■ AIM OF THE TASK:
Give the lines again exactly as they appear below, from the line with "双手 4~5 音和弦,与八度内的音阶。一、三乐章在比赛或音乐会都有好的演出效果" to the line with "- Station vélib’", both included, and only those lines. Leave every picture out.

(Records from a data source)
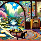 Woman in Colorful Psychedelic Setting with Cat
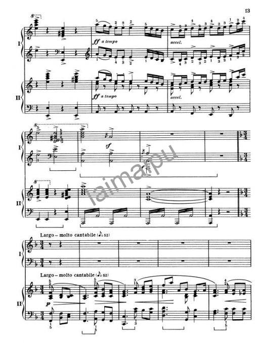 双手 4~5 音和弦,与八度内的音阶。一、三乐章在比赛或音乐会都有好的演出效果
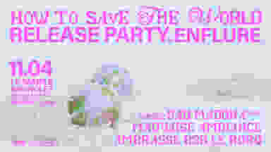 🌎 Enflure vous invite à la release party de son premier album « how to save the world » le 11 avril 2025 au Sample à Bagnolet ! L'occasion de vous présenter ce nouveau projet aux côtés de ses ami/es : ★ Enflure (live) ★ Sad Madona (live) ★ Mauvaise Ambiance (DJ Set) ★ Ambrasse B2B Le Roro (DJ Set) ⭐️ Billetterie en ligne 8,99€ Tickets Sur place 10€ 💐 Vente de merch exclusif 📍 Informations Pratiques : Le Sample, 18 avenue de la République,93170 Bagnolet Métro : Porte de Bagnolet ou Galliéni Tram : T3b - Station vélib’
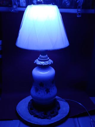 Lampada da tavolo in stile vintage, con una base decorata e un paralume elegante. - Base in metallo lavorato. - Corpo della lampada in ceramica con decorazioni floreali. - Paralume in tessuto.
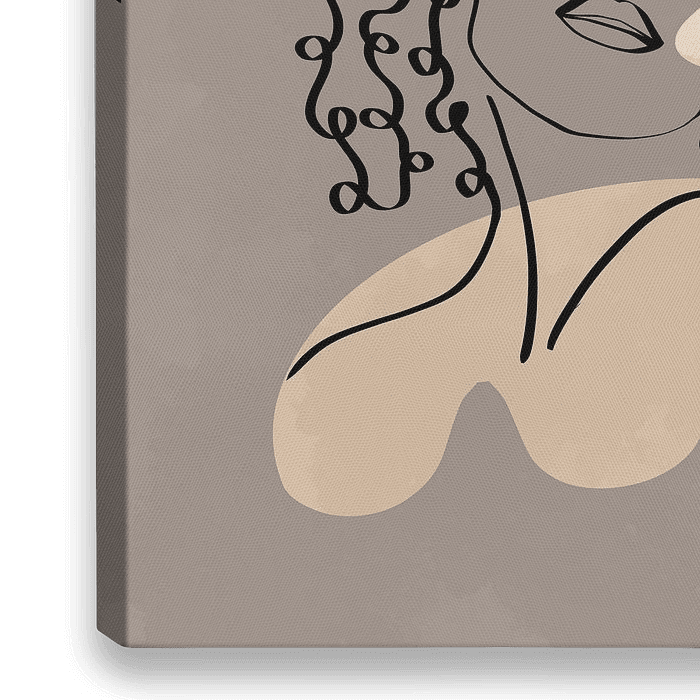 Minimalistische lijn tekening van een vrouwelijk gezicht met lang krullend haar, getekend met zwarte inkt. Drie organische vormen in de kleuren van een vale winterse zon zijn geplaatst op een achtergrond in grijs. De achtergrond en de vormen zijn met aquarelverf geschilderd met een typische textuur.

■ RESULT:
 双手 4~5 音和弦,与八度内的音阶。一、三乐章在比赛或音乐会都有好的演出效果
 🌎 Enflure vous invite à la release party de son premier album « how to save the world » le 11 avril 2025 au Sample à Bagnolet ! L'occasion de vous présenter ce nouveau projet aux côtés de ses ami/es : ★ Enflure (live) ★ Sad Madona (live) ★ Mauvaise Ambiance (DJ Set) ★ Ambrasse B2B Le Roro (DJ Set) ⭐️ Billetterie en ligne 8,99€ Tickets Sur place 10€ 💐 Vente de merch exclusif 📍 Informations Pratiques : Le Sample, 18 avenue de la République,93170 Bagnolet Métro : Porte de Bagnolet ou Galliéni Tram : T3b - Station vélib’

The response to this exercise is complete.